I use to go into computer stores and any time I saw an IBM PC running
Windows, I went to a DOS prompt and key in VERS.  It always came back MS
DOS xxx.  Should have been IBM DOS on an IBM PC.  But MS already had
their licensing hooks sunk in.

What if, that didn't happen?  
Would OS/2 have been the NT of the world?

I had the same kind of problems installing Linux on PCs as I did with
OS/2.  

The Battery meter on my Thinkpad, 
Wifi connection on my Thinkpad,
Cooling on my Thinkpad,
all just didn't work with previous releases of Suse.  But Suse 10 seems
to have corrected them (2 years after I got the laptop).
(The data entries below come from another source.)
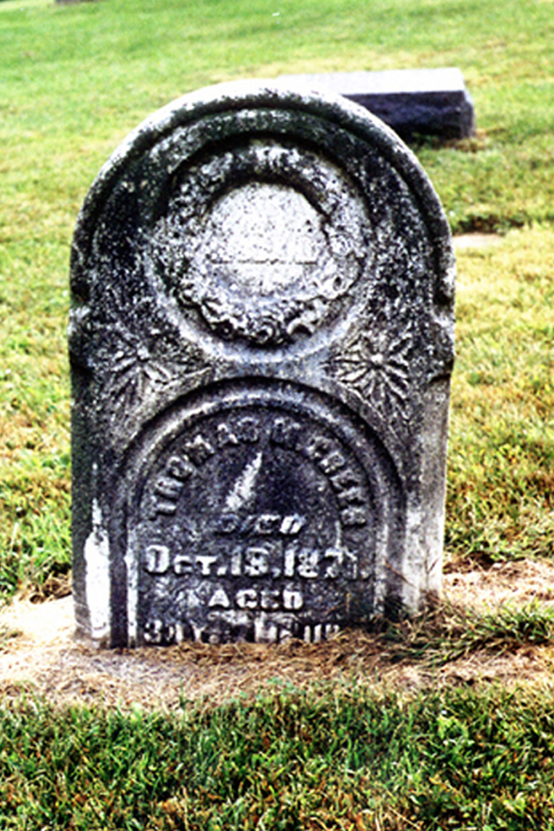 • He was buried after 19 October 1871 in the West Bethel Cemetery in Iowa Township, Cedar County, IA. Thomas married Mary Jane Guild on 5 March 1857 in , Muscatine County, IA.1 (Mary Jane Guild was born in 1840 in Ohio 3 4 and died after 1870.)
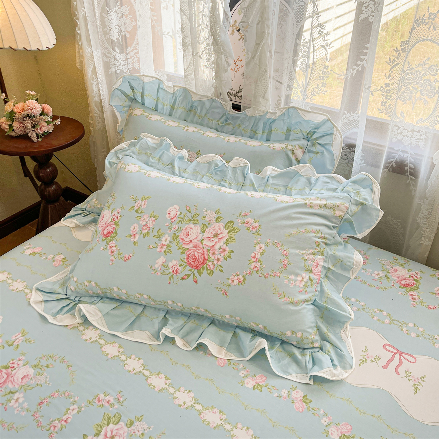 全棉田园风荷叶花边纯棉枕套一对装48x74cm单人枕头皮枕芯内胆套
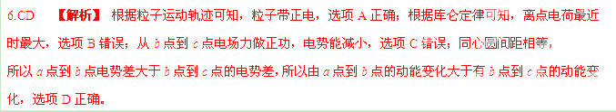 图中虚线为一组间距相等的同心圆,圆心处固定一带正电的点电荷。一带电粒子以一定初速度射入电场,实线为粒子仅在电场力作用下的运动轨迹,a、b、c三点是实线与虚线的交点。则该粒子

I have had much better luck with OS/2 with the hardware features of the
day.  I'm not saying that OS/2 would do justice to current hardware
features, but for the day, it did pretty good.  (as long as you didn't
buy the cheapest crap around)

In 2005, I finally migrated all of my home/office stuff from OS/2 to
Linux.  OS/2 very seldom required a reboot (perhaps once or twice a
year).  Most of the time, it was up for 8-10 months at a time.  Linux
seems to stay up for a month or more.  But I'm still playing with it,
and hence I reboot it.  So I don't know if it stays up the same length
as OS/2.  

However, on the mainframe, I've had Linux images up for over 8 months
before I elected to take them down (scheduled maintenance type of
thing).



Tom Duerbusch
THD Consulting

>>> [EMAIL PROTECTED] 12/23/2005 1:41:47 PM >>>
Tom Duerbusch wrote:

>It wasn't IBM's fault.  It was underhanded, illegal acts by
Microsoft.
>  
>
Oh, they certainly had a part in it. But so did IBM. There was this
attitude that hardware vendors should write the drivers all
themselves,
which led to many users not being able to install OS/2. M$, which
had taken that attitude at first, had changed their minds for the 1994
launching of NT 3.5 before the 1994 launching of Warp.

Also, as noted in my previous post, Warp was generally hard to install
compared to NT 3.5.

I was a beta developer for NT 3.1 -- had stuff on the early M$ disks.
I switched to OS/2 because the kernel and the TCP/IP stack on OS/2
were better. But PM crashed regularly. Windows on NT 3.5 almost
never crashed.

IBM never *really* grokked consumer operating systems. The
first OS/2 literature I read in 1988 referred to a 386 running
OS/2 as "a programmable [mainframe] terminal" which was the zeitgeist
in IBM --- still a glass house that late in the game.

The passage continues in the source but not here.